American actress (born 1985)

Zoë Winters (born February 20, 1985) is an American actress. She is most known for her recurring role on Succession (2018–2023), for which she won a Screen Actors Guild Award for Outstanding Performance by an Ensemble in a Drama Series. She has also taken supporting roles in the independent films In the Family (2011), Jules (2023), Materialists (2025), and The Drama (2026).

She has also appeared in multiple Off-Broadway plays, including Heroes of the Fourth Turning for which she received a Lucille Lortel Award nomination and an Obie Award. She also starred in other plays including Walden and Small Mouth Sounds.
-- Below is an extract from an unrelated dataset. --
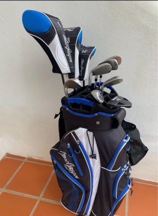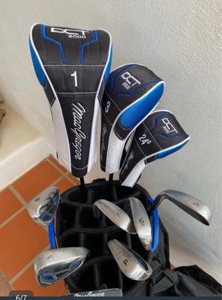 Kit completo de golf MacGregor DCT 2000, ideal para iniciarse o mejorar tu juego. Incluye bolsa y palos. Vendo set completo de golf MacGregor DCT 2000 en muy buen estado. Perfecto para jugadores que quieren iniciarse o para alguien que quiera un equipo completo sin gastar mucho. Incluye: • Driver • Madera 3 • Híbrido 24° • Hierros 5, 6, 7, 8, PW y SW • Putter MacGregor • Bolsa MacGregor en muy buen estado con varios compartimentos • Fundas para los palos Los palos están muy bien cuidados, con marcas normales de uso pero en perfecto estado para jugar. Los grips están correctos y listos para salir al campo o al driving range

== Early life and education ==
Winters was born on February 20, 1985, in Santa Cruz, California. She attended the State University of New York at Purchase, graduating in 2007.

==Career==
Winters is best known for her role as Kerry Castellabate on Succession, for which she won a Screen Actors Guild Award for Outstanding Performance by an Ensemble in a Drama Series.

On television, Winters played a prominent role in the second season of Showtime's Flatbush Misdemeanors. In films, she has appeared in In the Family by Patrick Wang, Jules by Marc Turtletaub, and Materialists by Celine Song.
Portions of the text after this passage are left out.